The candidate entities that an entity mention could link to.

JSON representation
{
  "entityId": string,
  "preferredTerm": string,
  "vocabularyCodes": [
    string
  ]
}
Fields
entityId

string

entityId is a first class field entityId uniquely identifies this concept and its meta-vocabulary. For example, "UMLS/C0000970".

preferredTerm

string

preferredTerm is the preferred term for this concept.
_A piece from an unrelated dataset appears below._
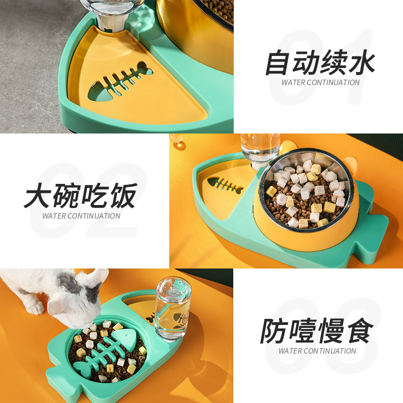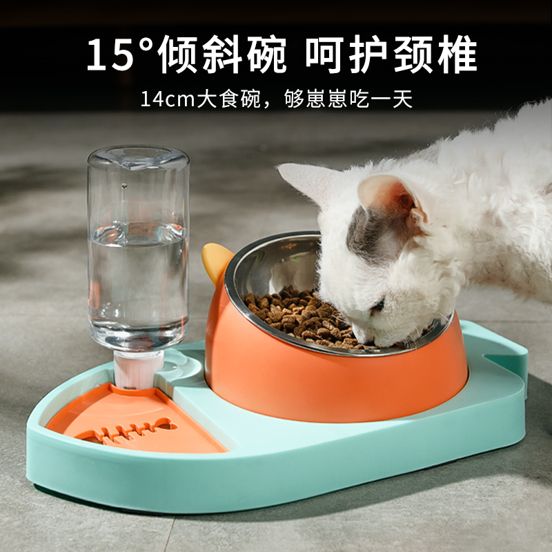 Cat Bowl Cat Food Basin Kitty Supplies Cat Bowl Double Bowl Automatic Drinking Water Protection Cervical Cat Food Anti-Overturning Dog Bowl Dog Basin

For example, "Acetaminophen". For ad hoc entities formed by normalization, this is the most popular unnormalized string.

vocabularyCodes[]

string

Vocabulary codes are first-class fields and differentiated from the concept unique identifier (entityId). vocabularyCodes contains the representation of this concept in particular vocabularies, such as ICD-10, SNOMED-CT and RxNORM. These are prefixed by the name of the vocabulary, followed by the unique code within that vocabulary. For example, "RXNORM/A10334543".

EntityMentionRelationship

Defines directed relationship from one entity mention to another.

JSON representation
{
  "subjectId": string,
  "objectId": string,
  "confidence": number
}
Fields
subjectId

string

subjectId is the id of the subject entity mention.

objectId

string

objectId is the id of the object entity mention.

confidence

number

The model's confidence in this annotation. A number between 0 and 1.